Thm. Let \(T\) be a linear operator on a finite-dimensional vector space \(V\), and let \(\beta\) and \(\beta'\) be ordered bases of \(V\). Suppose that \(Q\) is the change of coordinate matrix that changes \(\beta'\)-coordinates into \(\beta\)-coordinates, then \([T]_{\beta'}=Q^{-1}[T]_{\beta}Q\).
similar
linear operator, linear functional
coordinate function, dual space, dual basis
Def. Let \(V\) be a finite-dimensional vector space and let \(\beta=\set{x_1,\cdots,x_n}\) be an ordered basis for \(V\). For each \(i=1,2,\cdots,n\), define \(f_i(x)=a_i\), where \([x]_{\beta}=\begin{pmatrix}a_1&a_2&\cdots&a_n\end{pmatrix}^T\) is the coordinate vector of \(x\) relative to \(\beta\). Then \(f_i\) is a linear functional on \(V\) called the \(i\)-th coordinate function with respect to the basis \(\beta\).
Def. For a vector space \(V\) over \(F\), we define the dual space of \(V\) to be the vector space \(\mathcal L(V,F)\), denoted by \(V^{\ast}\). We also define the double dual space \(V^{**}\) of \(V\) to be the dual space of \(V^{*}\).
Thm. Suppose that \(V\) is a finite-dimensional vector space with the ordered basis \(\beta=\set{x_1,\cdots,x_n}\). Let \(f_i(1\le i\le n)\) be the \(i\)-th coordinate function with respect to \(\beta\), and let \(\beta^{*}=\set{f_1,\cdots,f_n}\). Then \(\beta^{*}\) is an ordered basis for \(V^{}\), and for any \(f\in V^{\ast}\), we have \(f=\sum_{i=1}^{n}f(x_i)f_i\). The ordered basis \(\beta^{*}\) is called the dual basis of \(\beta\).

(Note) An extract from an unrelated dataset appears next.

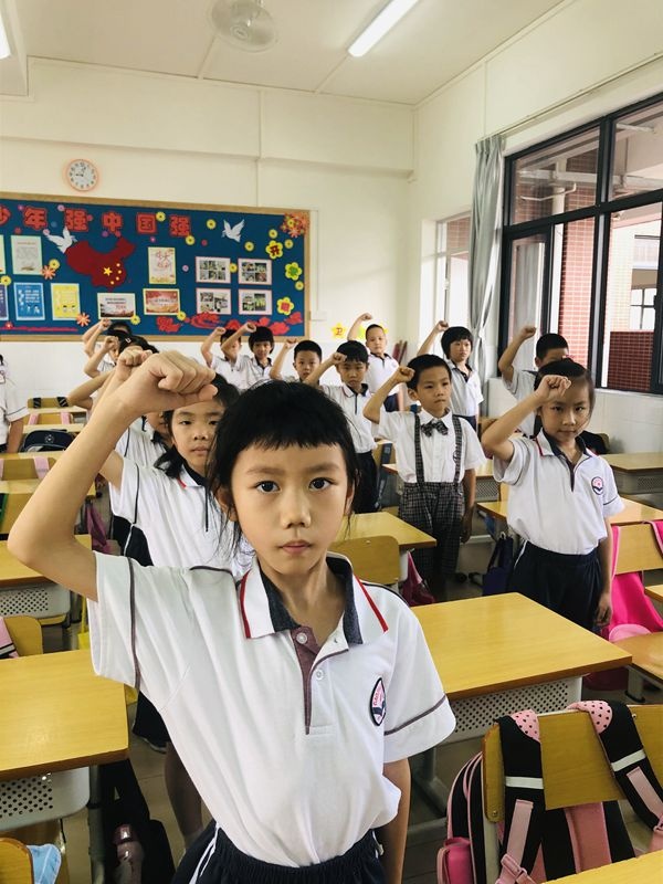 各中隊輔導員制作了精美的課件,為同學們詳細介紹了隊名、隊旗、隊徽、隊標志、隊禮、隊歌、呼號等有關少先隊的知識,理解了“先鋒”一詞的含義,還就中國少年先鋒隊光榮的歷程等知識作了解讀。同學們認真地學習敬隊禮,學習呼號,學習戴紅領巾,跟著老師讀誓詞,稚嫩的聲音里透著堅定,緊握的拳頭顯示著信心;唱隊歌,唱一唱《少年先鋒隊隊歌》——“我們是共產主義接班人,繼承革命先輩的光榮傳統,愛祖國,愛人民,鮮艷的紅領巾飄揚在前胸……”為了加入自己夢寐以求的少先隊,孩子們個個都精神飽滿,在老師的指導下群情激昂,高唱著隊歌。一張張純真的小臉流露著孩子們對隊組織的向往和崇敬,清脆的童聲表達著孩子們即將成為少先隊員的自豪和喜悅,也流露著他們加入少先隊組織的堅定決心;敬隊禮,需要充分發揮家庭的作用,學校與家庭密切配合,要求每個同學在入隊前做一件好事。內容豐富的隊前教育,使一年級新生初步了解了少先隊,讓他們擁有少先隊生涯的美好開端,也培養了他們的組織意識,增強了作為一名少先隊員的強烈歸屬感和自豪感!

Thm. Let \(V\) be a finite-dimensional vector space. For a vector \(x\in V\), we define \(\hat x:V^{*}\to F\) by \(\hat x(f)=f(x)\) for every \(f\in V^{*}\). Define \(\psi:V\to V^{}\) by \(\psi(x)=\hat x\). Then \(\psi\) is an isomorphism.
Matrix
rank
Def. If \(A\in M_{m\times n}(F)\), we define the rank of \(A\), denoted \(\text{rank}(A)\), to be the rank of the linear transformation \(L_A:F^{n}\to F^{m}\).
Thm. Elementary row and column operations on a matrix are rank-preserving.
所有的ERO可以用左乘一个矩阵描述,这些矩阵的秩都是 \(n\)。
交换 \(i,j\) 两行:在单位矩阵的基础上,把 \((i,i),(j,j)\) 置 \(0\),把 \((i,j),(j,i)\) 置 \(1\);
把第 \(i\) 行的 \(k\) 倍加到第 \(j\) 行上:在单位矩阵的基础上,把 \((j,i)\) 置 \(k\)。
把第 \(i\) 行翻 \(k\) 倍:在单位矩阵的基础上,把 \((i,i)\) 置 \(k\)。
Thm. The rank of any matrix equals the maximum number of its linearly independent columns; that is, the rank of a matrix is the dimension of the subspace generated by its columns.
Corollary. The rank of a matrix equals the number of pivot columns.
Thm. Let \(A\) be an \(m\times n\) matrix of rank \(r\). Then \(r\le m,r\le n\), and by means of a finite number of elementary row and column operations, \(A\) can be transformed into the matrix \(D=\begin{pmatrix}I_r&O_1\\O_2&O_3\end{pmatrix}\), where \(O_1,O_2,O_3\) are zero matrices. Thus \(D_{ii}=1\) for \(i\le r\) and \(D_{ij}=0\) otherwise.
Corollary. Let \(A\) be an \(m\times n\) matrix of rank \(r\), then there exist invertible matrices \(B\) and \(C\) of sizes \(m\times m\) and \(n\times n\), respectively, such that \(D=BAC\) and \(D\) has the form above.
这个“对角化”的做法就是做行变换和列变换。
partitioned matrices
LU decomposition, inverse
For a linear system \(Ax=b\), if we can decompose \(A\) as \(LU\), we can divide the linear system into two linear systems \(Lc=b\) and \(Ux=c\). Here, for an \(m\times n\) matrix \(A\), \(L\) is an \(m\times m\) lower triangular matrix, and \(U\) is in echelon form.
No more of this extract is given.